#### WHAT YOU WILL DO:
In the entries that follow, the lines from the one with "Camargo.- Este domingo, los" through the one with "突然変異によってトゲが無くな" are the ones to write out, exactly and with both ends included. Nothing else should appear.

#### MATERIAL PROVIDED:
++++++++

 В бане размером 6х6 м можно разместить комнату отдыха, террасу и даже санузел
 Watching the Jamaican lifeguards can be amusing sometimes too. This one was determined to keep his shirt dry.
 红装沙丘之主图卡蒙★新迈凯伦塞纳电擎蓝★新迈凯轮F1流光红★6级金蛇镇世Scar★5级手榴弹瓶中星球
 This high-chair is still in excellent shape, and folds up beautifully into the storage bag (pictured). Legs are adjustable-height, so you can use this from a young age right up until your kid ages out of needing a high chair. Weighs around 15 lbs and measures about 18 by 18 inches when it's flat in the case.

++++++++

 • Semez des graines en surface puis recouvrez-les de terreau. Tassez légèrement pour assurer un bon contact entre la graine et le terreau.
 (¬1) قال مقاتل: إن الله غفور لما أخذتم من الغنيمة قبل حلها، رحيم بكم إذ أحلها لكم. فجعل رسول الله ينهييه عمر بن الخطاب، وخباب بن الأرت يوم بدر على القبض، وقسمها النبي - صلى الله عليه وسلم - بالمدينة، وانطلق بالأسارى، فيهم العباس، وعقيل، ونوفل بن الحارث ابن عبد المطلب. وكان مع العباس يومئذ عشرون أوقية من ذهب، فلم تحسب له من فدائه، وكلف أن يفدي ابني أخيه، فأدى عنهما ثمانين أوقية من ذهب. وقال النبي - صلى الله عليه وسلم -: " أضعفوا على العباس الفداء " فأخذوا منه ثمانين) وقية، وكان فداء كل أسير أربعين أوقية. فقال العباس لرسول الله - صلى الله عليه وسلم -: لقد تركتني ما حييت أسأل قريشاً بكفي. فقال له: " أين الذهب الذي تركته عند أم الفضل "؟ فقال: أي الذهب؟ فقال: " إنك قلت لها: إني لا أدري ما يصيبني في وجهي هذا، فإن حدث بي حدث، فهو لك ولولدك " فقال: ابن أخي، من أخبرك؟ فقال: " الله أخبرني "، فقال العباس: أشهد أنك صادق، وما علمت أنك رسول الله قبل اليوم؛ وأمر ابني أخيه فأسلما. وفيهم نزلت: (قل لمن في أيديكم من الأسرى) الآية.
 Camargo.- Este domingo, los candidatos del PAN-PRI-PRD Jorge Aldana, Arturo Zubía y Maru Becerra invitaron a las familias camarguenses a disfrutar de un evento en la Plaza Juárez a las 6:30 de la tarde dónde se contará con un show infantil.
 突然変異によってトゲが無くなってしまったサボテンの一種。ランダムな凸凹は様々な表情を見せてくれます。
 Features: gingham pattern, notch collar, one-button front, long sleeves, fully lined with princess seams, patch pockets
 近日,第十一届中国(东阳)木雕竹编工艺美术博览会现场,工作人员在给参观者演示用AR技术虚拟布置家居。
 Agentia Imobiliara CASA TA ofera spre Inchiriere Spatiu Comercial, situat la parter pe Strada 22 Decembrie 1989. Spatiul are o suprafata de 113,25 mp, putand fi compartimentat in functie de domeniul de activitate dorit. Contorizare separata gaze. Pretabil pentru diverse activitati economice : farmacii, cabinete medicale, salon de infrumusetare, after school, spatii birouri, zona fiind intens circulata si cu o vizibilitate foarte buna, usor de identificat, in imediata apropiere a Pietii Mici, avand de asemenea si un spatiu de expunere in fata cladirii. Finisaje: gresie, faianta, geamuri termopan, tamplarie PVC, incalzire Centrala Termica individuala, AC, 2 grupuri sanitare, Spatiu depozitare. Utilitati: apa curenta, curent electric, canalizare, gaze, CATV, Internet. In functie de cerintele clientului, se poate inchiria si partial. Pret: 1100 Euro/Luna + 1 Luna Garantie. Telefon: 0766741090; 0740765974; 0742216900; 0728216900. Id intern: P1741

++++++++

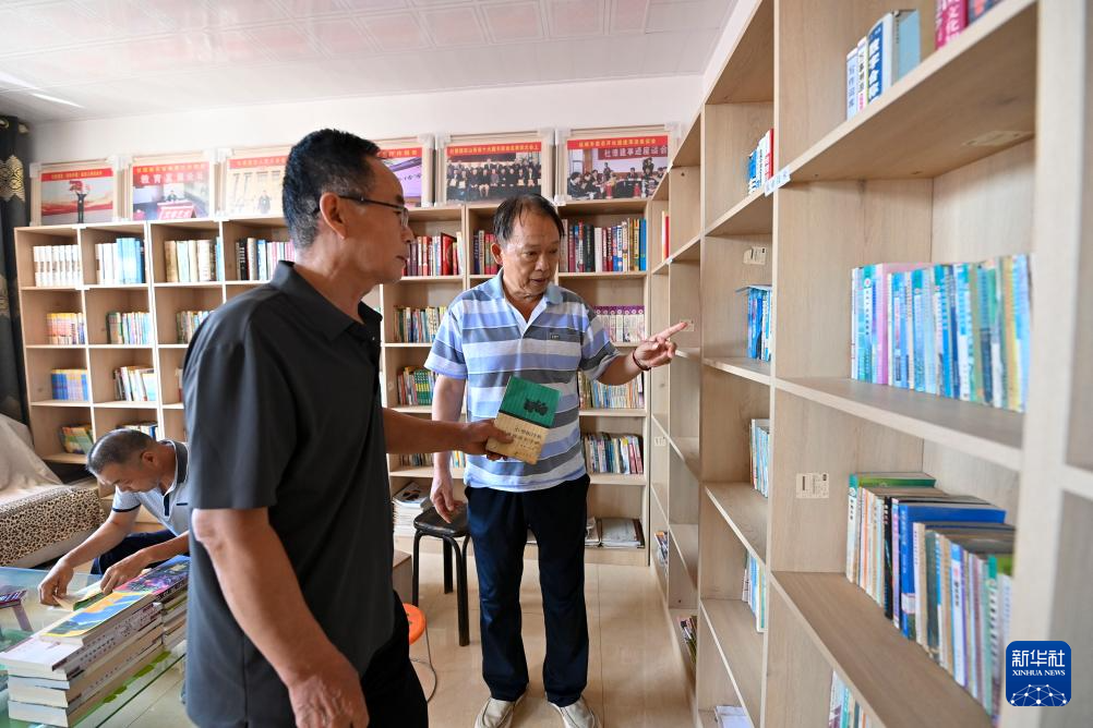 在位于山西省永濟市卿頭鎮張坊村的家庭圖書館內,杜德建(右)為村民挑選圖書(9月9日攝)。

++++++++

#### RESULT:
 Camargo.- Este domingo, los candidatos del PAN-PRI-PRD Jorge Aldana, Arturo Zubía y Maru Becerra invitaron a las familias camarguenses a disfrutar de un evento en la Plaza Juárez a las 6:30 de la tarde dónde se contará con un show infantil.
 突然変異によってトゲが無くなってしまったサボテンの一種。ランダムな凸凹は様々な表情を見せてくれます。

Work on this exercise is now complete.